Her sickness brought me to Connecticut.
Mornings I walk the dog: that part of life
is intact. Who's painted, who's insulated
or put siding on, who's burned the lawn
with lime—that's the news on Ardmore Street.

The leaves of the neighbor's respectable
rhododendrons curl under in the cold.
He has backed the car
through the white nimbus of its exhaust
and disappeared for the day.

In the hiatus between mayors
the city has left leaves in the gutters,
and passing cars lift them in maelstroms.

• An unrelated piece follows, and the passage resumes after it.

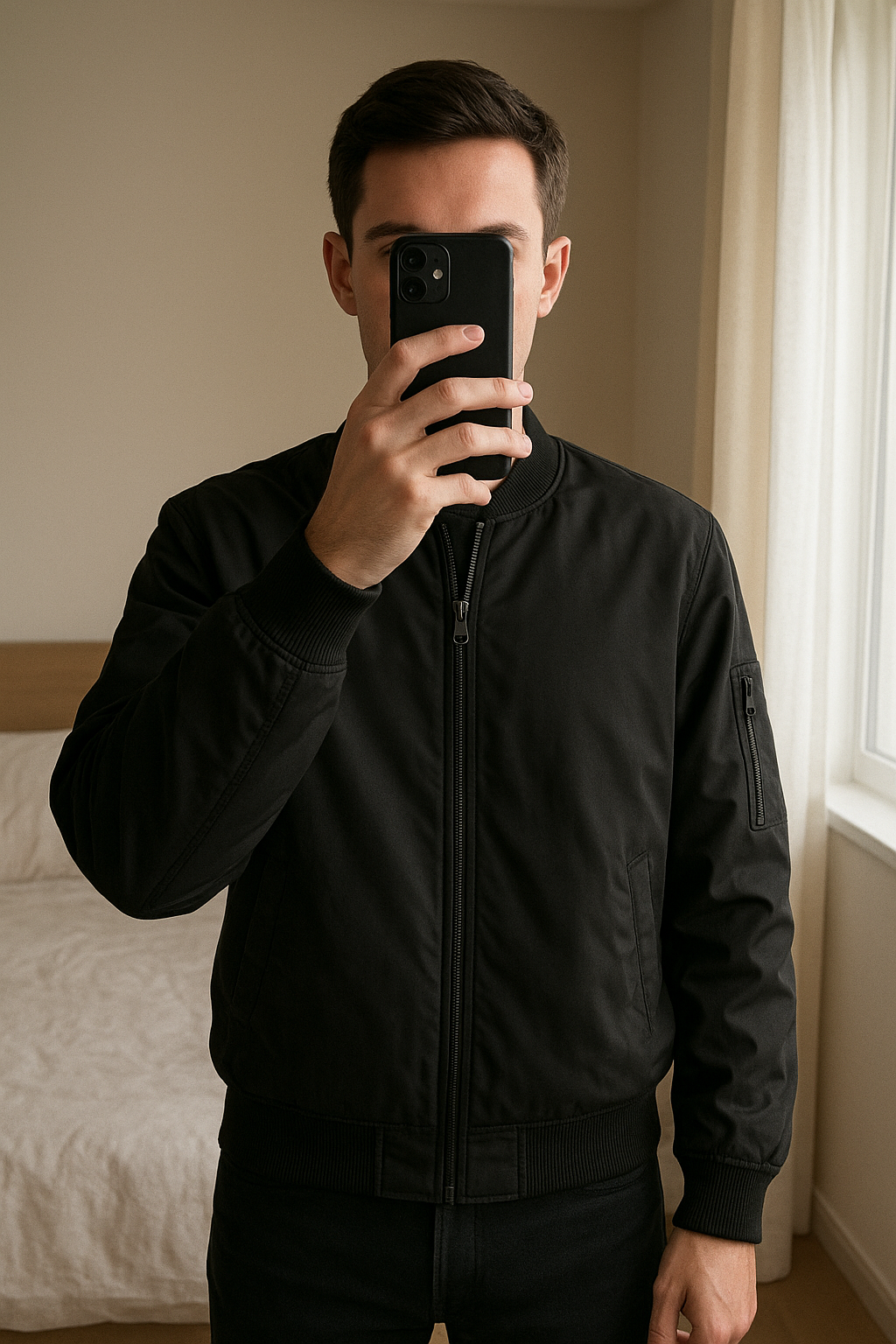 Bomber Calvin Klein Jeans debout, face à la caméra, dans une chambre à la lumière douce, avec une lumière naturelle filtrant par la fenêtre.

We pass the house two doors down, the one
with the wildest lights in the neighborhood,
an establishment without irony.
All summer their putto empties a water jar,
their St. Francis feeds the birds.
Now it's angels, festoons, waist-high
candles, and swans pulling sleighs.

Two hundred miles north I'd let the dog
run among birches and the black shade of pines.
I miss the hills, the woods and stony
streams, where the swish of jacket sleeves
against my sides seems loud, and a crow
caws sleepily at dawn.

By now the streams must run under a skin
of ice, white air-bubbles passing erratically,
like blood cells through a vein. Soon the mail,
forwarded, will begin to reach me here.






Jane Kenyon, "Christmas Away from Home" from Collected Poems. Copyright © 2005 by the Estate of Jane Kenyon. Reprinted with the permission of The Permissions Company, Inc., on behalf of Graywolf Press, graywolfpress.org.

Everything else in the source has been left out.